### Data records
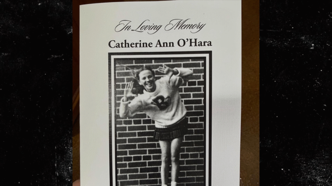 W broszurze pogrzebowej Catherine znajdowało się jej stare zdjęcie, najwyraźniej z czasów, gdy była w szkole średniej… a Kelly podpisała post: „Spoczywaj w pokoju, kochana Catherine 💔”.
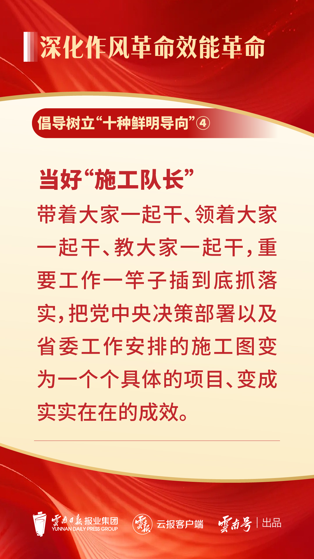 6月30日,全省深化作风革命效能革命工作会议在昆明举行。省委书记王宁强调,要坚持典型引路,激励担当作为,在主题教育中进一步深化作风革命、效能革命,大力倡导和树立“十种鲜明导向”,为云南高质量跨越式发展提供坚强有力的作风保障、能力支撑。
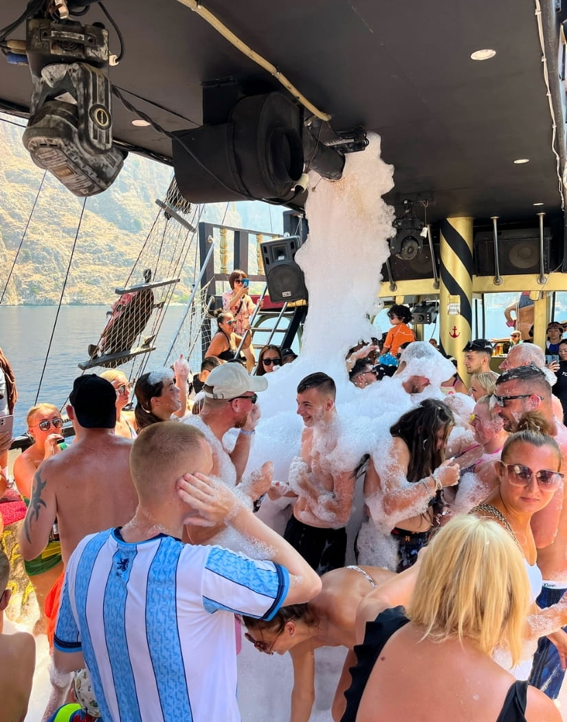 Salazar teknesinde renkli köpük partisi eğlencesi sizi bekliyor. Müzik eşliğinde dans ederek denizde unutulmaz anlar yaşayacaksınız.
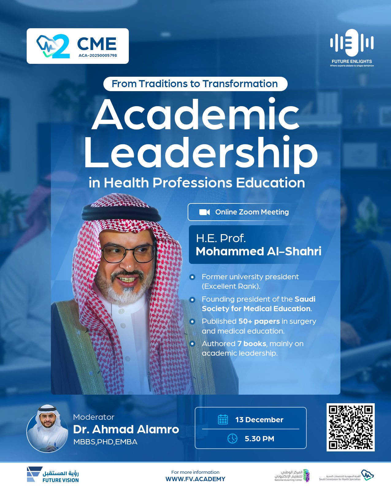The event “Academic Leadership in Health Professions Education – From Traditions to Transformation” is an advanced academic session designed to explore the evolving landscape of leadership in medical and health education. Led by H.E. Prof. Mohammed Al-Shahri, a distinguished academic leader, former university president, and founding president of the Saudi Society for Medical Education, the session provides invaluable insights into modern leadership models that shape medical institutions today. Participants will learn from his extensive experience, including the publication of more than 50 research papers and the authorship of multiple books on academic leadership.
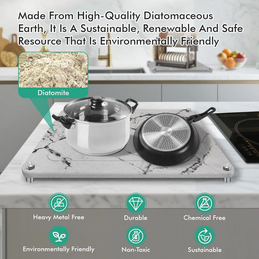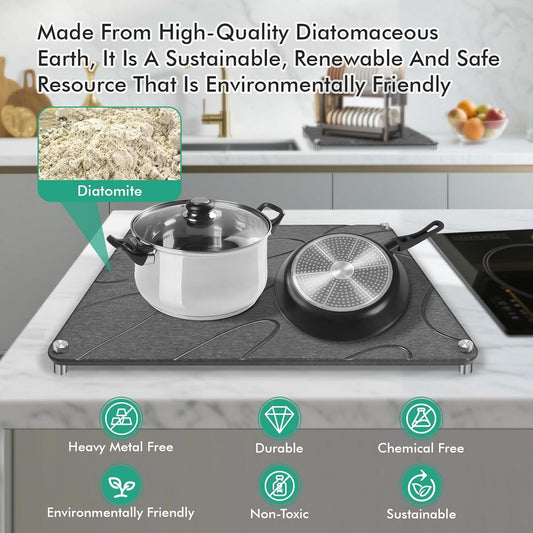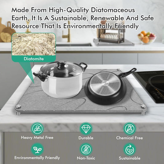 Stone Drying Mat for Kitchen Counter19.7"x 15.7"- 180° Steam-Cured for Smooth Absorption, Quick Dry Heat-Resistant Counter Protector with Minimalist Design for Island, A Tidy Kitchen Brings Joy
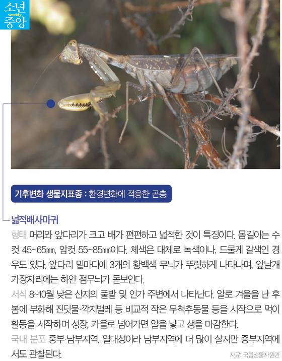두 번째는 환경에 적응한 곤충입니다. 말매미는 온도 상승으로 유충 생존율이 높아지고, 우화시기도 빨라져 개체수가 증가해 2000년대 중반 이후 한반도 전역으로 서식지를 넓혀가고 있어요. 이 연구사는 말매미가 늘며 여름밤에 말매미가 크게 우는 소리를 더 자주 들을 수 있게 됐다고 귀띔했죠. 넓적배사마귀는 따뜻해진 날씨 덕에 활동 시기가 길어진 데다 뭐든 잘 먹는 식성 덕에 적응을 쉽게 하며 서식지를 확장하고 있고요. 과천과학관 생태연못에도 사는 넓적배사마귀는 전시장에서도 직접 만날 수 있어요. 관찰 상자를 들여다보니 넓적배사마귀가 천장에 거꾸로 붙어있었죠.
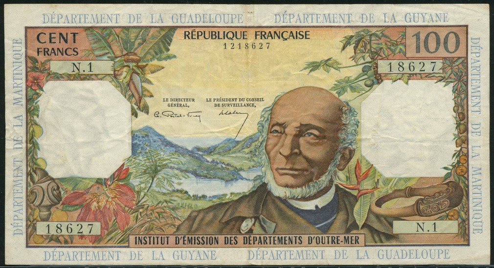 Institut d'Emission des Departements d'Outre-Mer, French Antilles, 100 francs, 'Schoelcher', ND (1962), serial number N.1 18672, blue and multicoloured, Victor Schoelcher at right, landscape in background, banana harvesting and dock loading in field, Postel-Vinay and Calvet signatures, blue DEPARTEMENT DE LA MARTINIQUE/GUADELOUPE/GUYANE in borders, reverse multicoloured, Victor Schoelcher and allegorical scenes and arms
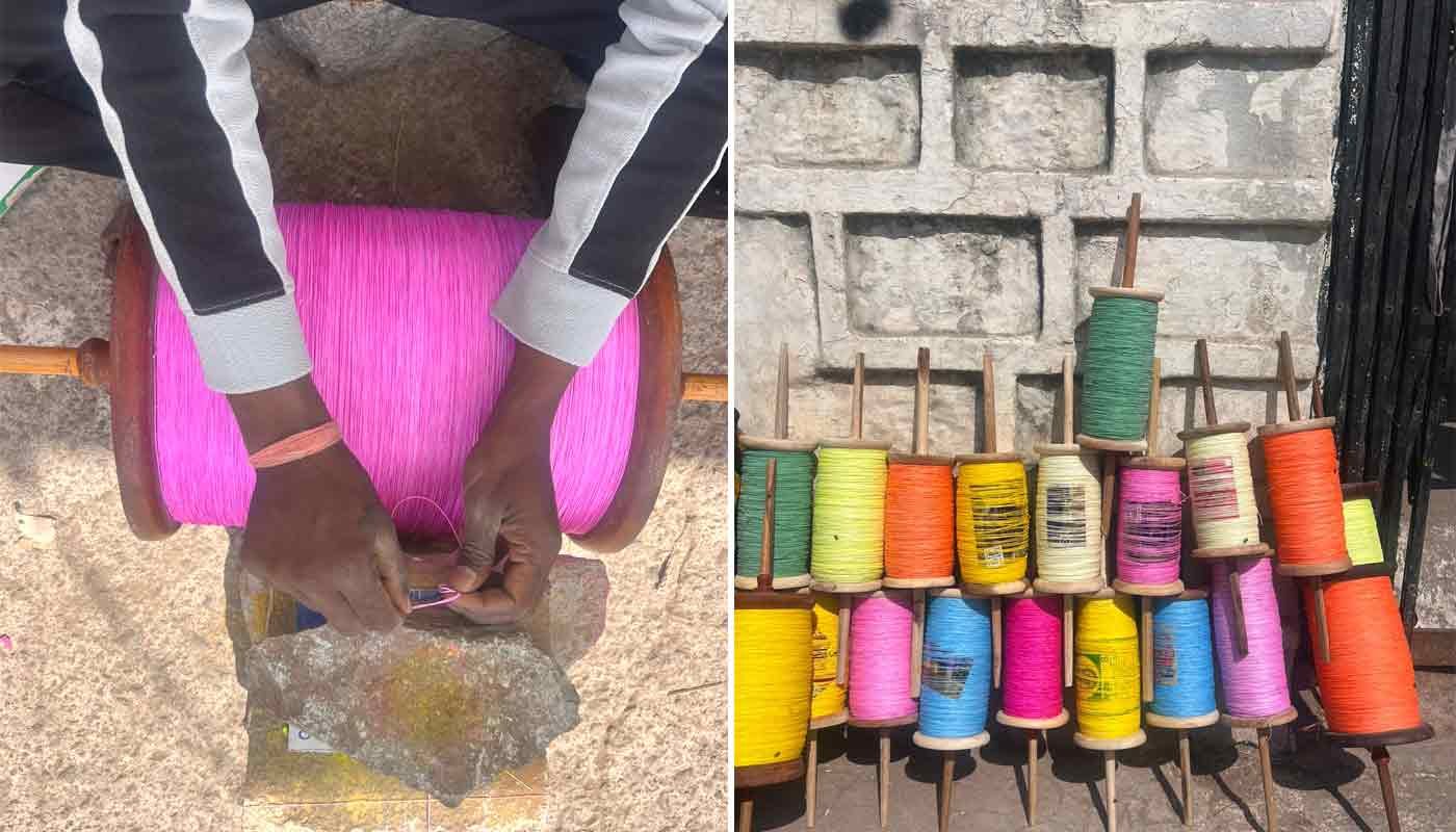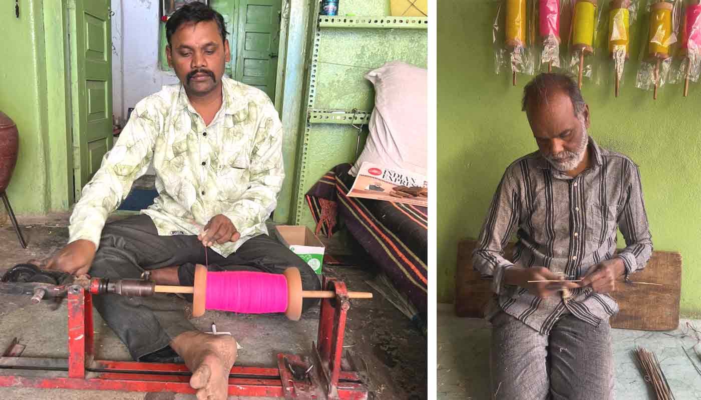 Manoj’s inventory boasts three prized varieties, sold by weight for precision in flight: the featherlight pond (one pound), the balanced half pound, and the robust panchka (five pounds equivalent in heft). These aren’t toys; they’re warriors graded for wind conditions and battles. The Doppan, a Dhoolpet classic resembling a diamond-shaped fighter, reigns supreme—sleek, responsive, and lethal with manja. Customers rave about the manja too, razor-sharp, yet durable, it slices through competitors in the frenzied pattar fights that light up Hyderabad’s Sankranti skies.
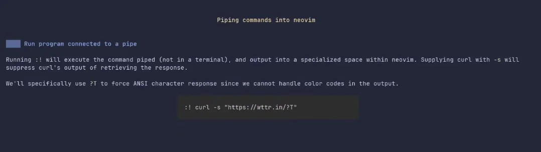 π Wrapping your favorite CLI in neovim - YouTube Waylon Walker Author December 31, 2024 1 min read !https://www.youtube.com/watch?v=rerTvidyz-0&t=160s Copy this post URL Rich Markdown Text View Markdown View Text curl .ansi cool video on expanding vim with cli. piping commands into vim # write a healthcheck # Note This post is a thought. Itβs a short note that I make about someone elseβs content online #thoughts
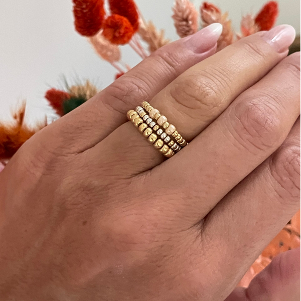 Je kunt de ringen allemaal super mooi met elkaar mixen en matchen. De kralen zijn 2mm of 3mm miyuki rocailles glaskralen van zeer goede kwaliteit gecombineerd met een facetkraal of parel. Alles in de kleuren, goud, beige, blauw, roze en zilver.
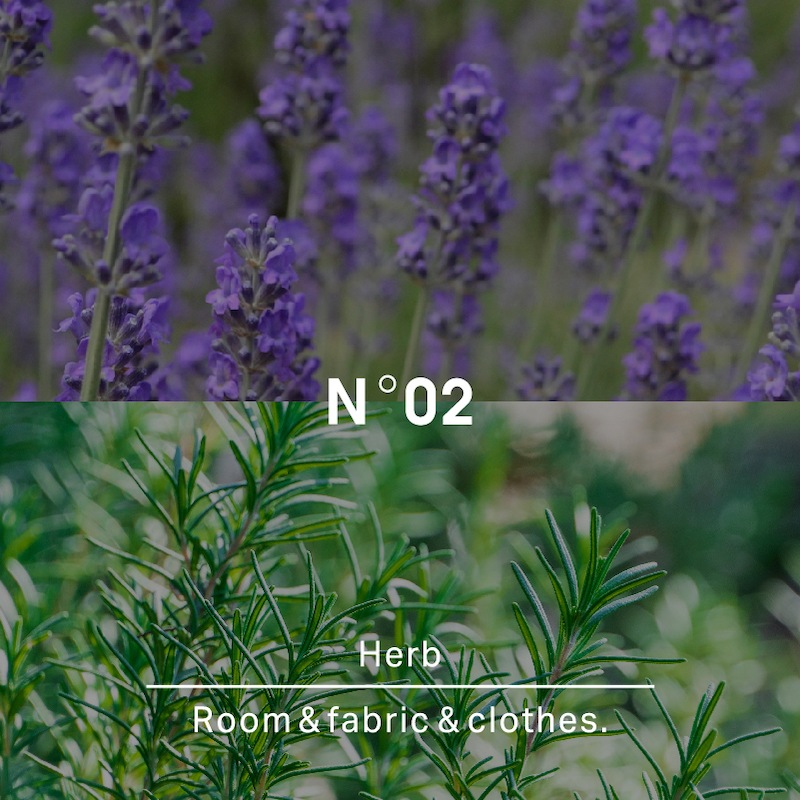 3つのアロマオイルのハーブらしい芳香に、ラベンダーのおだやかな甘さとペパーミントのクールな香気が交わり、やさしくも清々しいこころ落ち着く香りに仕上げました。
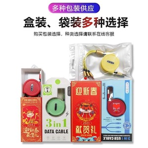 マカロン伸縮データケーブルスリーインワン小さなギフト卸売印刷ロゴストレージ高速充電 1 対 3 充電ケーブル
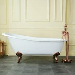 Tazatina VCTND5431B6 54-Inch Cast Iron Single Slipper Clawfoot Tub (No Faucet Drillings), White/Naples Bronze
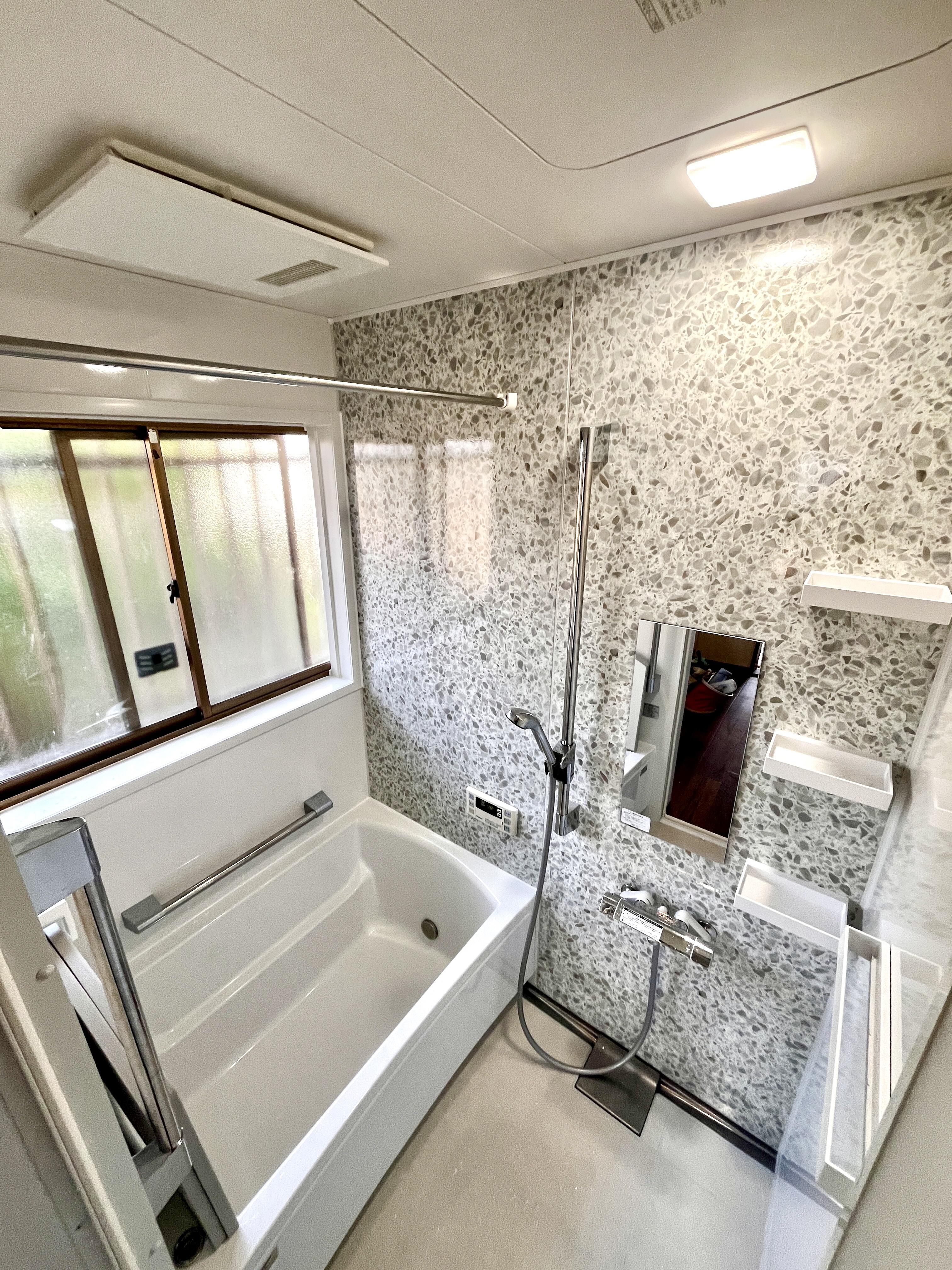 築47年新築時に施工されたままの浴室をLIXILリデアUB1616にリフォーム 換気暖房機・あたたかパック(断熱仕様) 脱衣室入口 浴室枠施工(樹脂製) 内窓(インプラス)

### Your goal
Exactly what appears in the records above must be returned, apart from the pictures.

### Written solution
 W broszurze pogrzebowej Catherine znajdowało się jej stare zdjęcie, najwyraźniej z czasów, gdy była w szkole średniej… a Kelly podpisała post: „Spoczywaj w pokoju, kochana Catherine 💔”.
 6月30日,全省深化作风革命效能革命工作会议在昆明举行。省委书记王宁强调,要坚持典型引路,激励担当作为,在主题教育中进一步深化作风革命、效能革命,大力倡导和树立“十种鲜明导向”,为云南高质量跨越式发展提供坚强有力的作风保障、能力支撑。
 Salazar teknesinde renkli köpük partisi eğlencesi sizi bekliyor. Müzik eşliğinde dans ederek denizde unutulmaz anlar yaşayacaksınız.
The event “Academic Leadership in Health Professions Education – From Traditions to Transformation” is an advanced academic session designed to explore the evolving landscape of leadership in medical and health education. Led by H.E. Prof. Mohammed Al-Shahri, a distinguished academic leader, former university president, and founding president of the Saudi Society for Medical Education, the session provides invaluable insights into modern leadership models that shape medical institutions today. Participants will learn from his extensive experience, including the publication of more than 50 research papers and the authorship of multiple books on academic leadership.
 Stone Drying Mat for Kitchen Counter19.7"x 15.7"- 180° Steam-Cured for Smooth Absorption, Quick Dry Heat-Resistant Counter Protector with Minimalist Design for Island, A Tidy Kitchen Brings Joy
두 번째는 환경에 적응한 곤충입니다. 말매미는 온도 상승으로 유충 생존율이 높아지고, 우화시기도 빨라져 개체수가 증가해 2000년대 중반 이후 한반도 전역으로 서식지를 넓혀가고 있어요. 이 연구사는 말매미가 늘며 여름밤에 말매미가 크게 우는 소리를 더 자주 들을 수 있게 됐다고 귀띔했죠. 넓적배사마귀는 따뜻해진 날씨 덕에 활동 시기가 길어진 데다 뭐든 잘 먹는 식성 덕에 적응을 쉽게 하며 서식지를 확장하고 있고요. 과천과학관 생태연못에도 사는 넓적배사마귀는 전시장에서도 직접 만날 수 있어요. 관찰 상자를 들여다보니 넓적배사마귀가 천장에 거꾸로 붙어있었죠.
 Institut d'Emission des Departements d'Outre-Mer, French Antilles, 100 francs, 'Schoelcher', ND (1962), serial number N.1 18672, blue and multicoloured, Victor Schoelcher at right, landscape in background, banana harvesting and dock loading in field, Postel-Vinay and Calvet signatures, blue DEPARTEMENT DE LA MARTINIQUE/GUADELOUPE/GUYANE in borders, reverse multicoloured, Victor Schoelcher and allegorical scenes and arms
 Manoj’s inventory boasts three prized varieties, sold by weight for precision in flight: the featherlight pond (one pound), the balanced half pound, and the robust panchka (five pounds equivalent in heft). These aren’t toys; they’re warriors graded for wind conditions and battles. The Doppan, a Dhoolpet classic resembling a diamond-shaped fighter, reigns supreme—sleek, responsive, and lethal with manja. Customers rave about the manja too, razor-sharp, yet durable, it slices through competitors in the frenzied pattar fights that light up Hyderabad’s Sankranti skies.
 π Wrapping your favorite CLI in neovim - YouTube Waylon Walker Author December 31, 2024 1 min read !https://www.youtube.com/watch?v=rerTvidyz-0&t=160s Copy this post URL Rich Markdown Text View Markdown View Text curl .ansi cool video on expanding vim with cli. piping commands into vim # write a healthcheck # Note This post is a thought. Itβs a short note that I make about someone elseβs content online #thoughts
 Je kunt de ringen allemaal super mooi met elkaar mixen en matchen. De kralen zijn 2mm of 3mm miyuki rocailles glaskralen van zeer goede kwaliteit gecombineerd met een facetkraal of parel. Alles in de kleuren, goud, beige, blauw, roze en zilver.
 3つのアロマオイルのハーブらしい芳香に、ラベンダーのおだやかな甘さとペパーミントのクールな香気が交わり、やさしくも清々しいこころ落ち着く香りに仕上げました。
 マカロン伸縮データケーブルスリーインワン小さなギフト卸売印刷ロゴストレージ高速充電 1 対 3 充電ケーブル
 Tazatina VCTND5431B6 54-Inch Cast Iron Single Slipper Clawfoot Tub (No Faucet Drillings), White/Naples Bronze
 築47年新築時に施工されたままの浴室をLIXILリデアUB1616にリフォーム 換気暖房機・あたたかパック(断熱仕様) 脱衣室入口 浴室枠施工(樹脂製) 内窓(インプラス)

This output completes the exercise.